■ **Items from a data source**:
'''

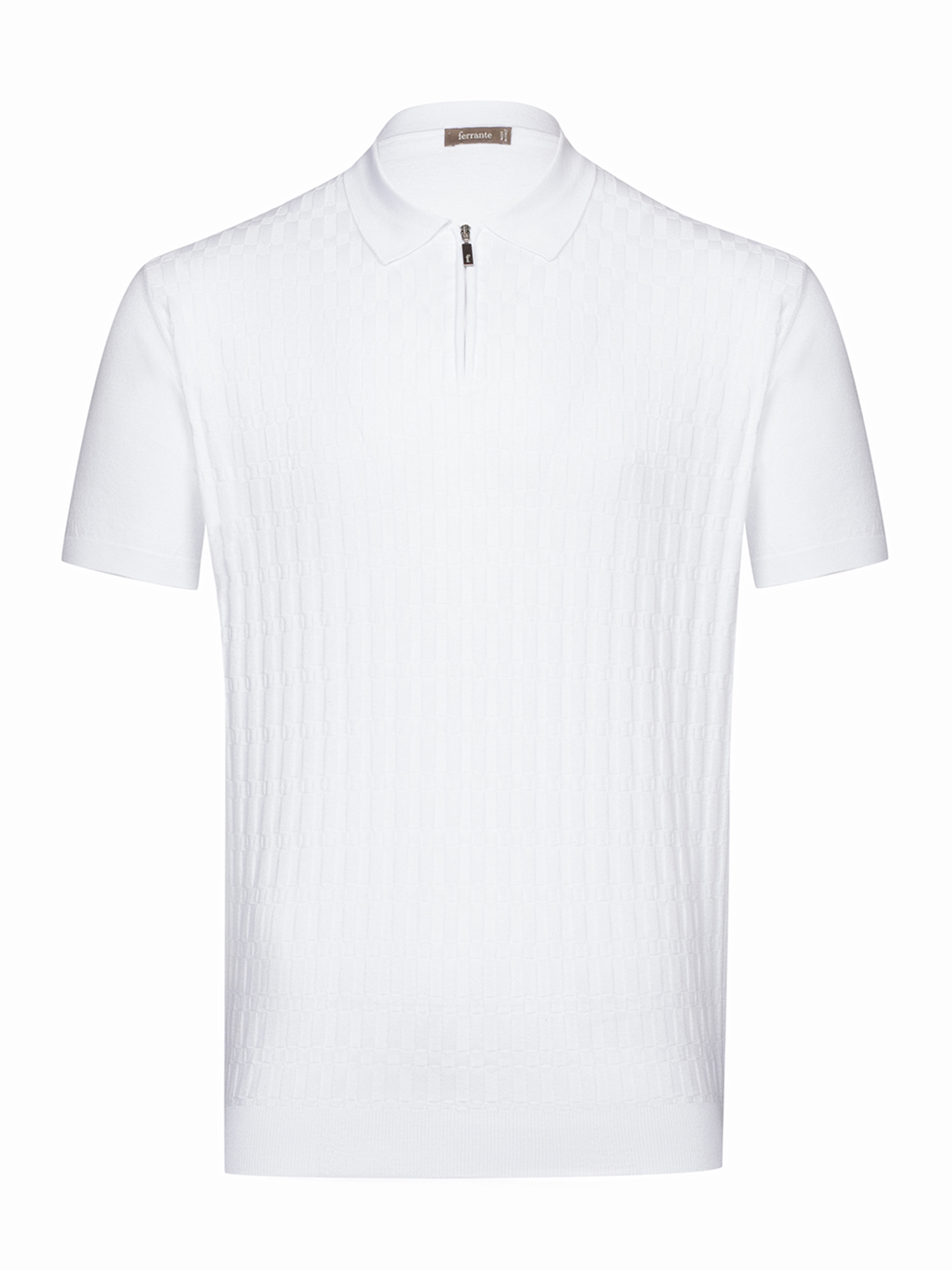 Фактурное поло с шахматным мотивом марки A.Ferrante гармонично дополнит повседневный образ с джинсами или станет достойной заменой рубашке в офисе с нестрогим дресс-кодом. Модель выполнена из тонкого трикотажа из длинноволокнистой хлопковой пряжи премиум сорта Pima, который намного мягче и прочнее обычного, обеспечивает комфорт телу и не пилингуется.
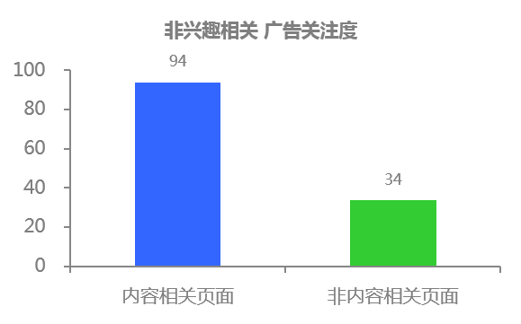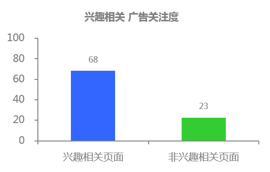 实验发现,当用户对广告内容感兴趣,将兴趣相关广告,投放至感兴趣的页面效果更好,即用户兴趣&广告内容&页面内容一致 ,广告最受关注。
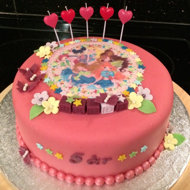 Sist, men ikke minst, det jeg bakte til barnebursdagen med 18 barn fra barnehagen. Hedda er veldig glad i serien Winx som går på Netflix, og ville ha Winxkake til bursdagen. Siden detaljerte feer og diverse ble litt heftig å skulle modellere, ble det spiselig bilde i tillegg til litt marsipanpynt. Jeg prøvde å si at klossene var mest for babykaker, men det var ikke bursdagsjenten enig i. Kaken er Annas favorittsjokoladekake med melkesjokoladekremen fra tidligere i innlegget og Nonstop. Trekk i marsipan.
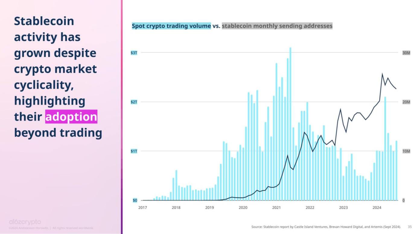 稳定币并非昙花一现。对比稳定币活动与加密货币波动市场周期,可见二者似乎无关。事实上即使现货加密货币交易量下降,月度稳定币的活跃地址数量仍在持续增长,这表明人们使用稳定币不仅是为了交易。
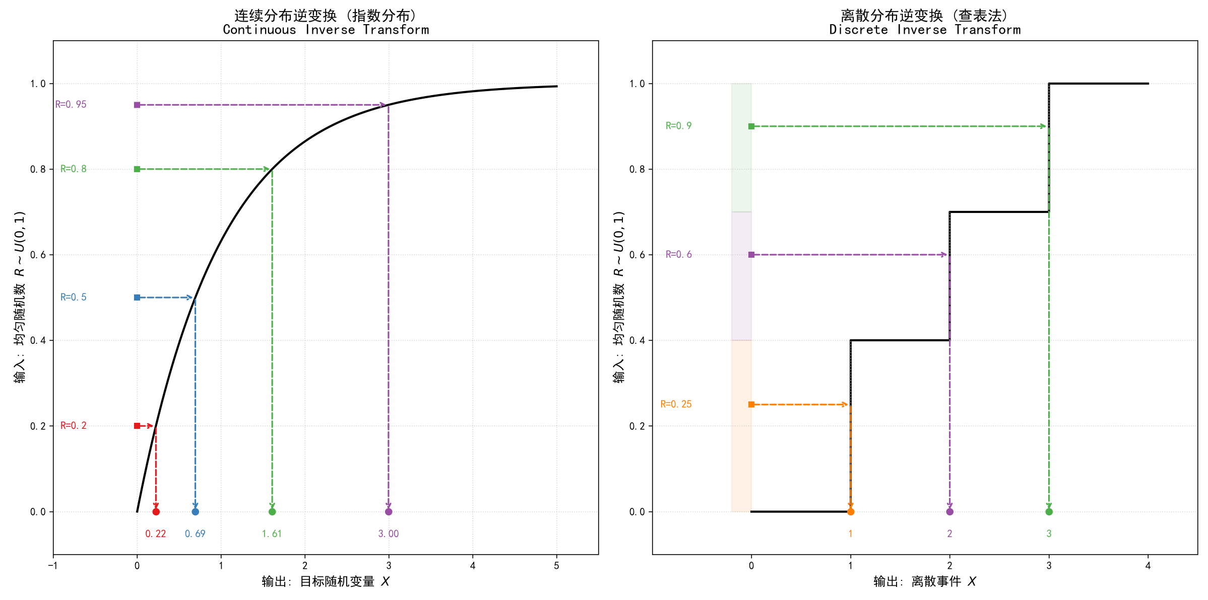 - 保持相关性:这是高级仿真最重要的特性。逆变换法能保持方差缩减技术(如公共随机数法)的有效性。简单说,如果两个系统用同一个 $R$ 生成随机数,用逆变换法可以保证 $X_1$ 和 $X_2$ 是正相关的($R$ 大,$X_1, X_2$ 都会大),这对比较两个系统的优劣至关重要。

'''

■ **TASK**: Take the lines from the one holding "Sist, men ikke" through the final line of the records above and output them exactly, both ends included, excluding pictures.

■ **WRITTEN SOLUTION**:
 Sist, men ikke minst, det jeg bakte til barnebursdagen med 18 barn fra barnehagen. Hedda er veldig glad i serien Winx som går på Netflix, og ville ha Winxkake til bursdagen. Siden detaljerte feer og diverse ble litt heftig å skulle modellere, ble det spiselig bilde i tillegg til litt marsipanpynt. Jeg prøvde å si at klossene var mest for babykaker, men det var ikke bursdagsjenten enig i. Kaken er Annas favorittsjokoladekake med melkesjokoladekremen fra tidligere i innlegget og Nonstop. Trekk i marsipan.
 稳定币并非昙花一现。对比稳定币活动与加密货币波动市场周期,可见二者似乎无关。事实上即使现货加密货币交易量下降,月度稳定币的活跃地址数量仍在持续增长,这表明人们使用稳定币不仅是为了交易。
 - 保持相关性:这是高级仿真最重要的特性。逆变换法能保持方差缩减技术(如公共随机数法)的有效性。简单说,如果两个系统用同一个 $R$ 生成随机数,用逆变换法可以保证 $X_1$ 和 $X_2$ 是正相关的($R$ 大,$X_1, X_2$ 都会大),这对比较两个系统的优劣至关重要。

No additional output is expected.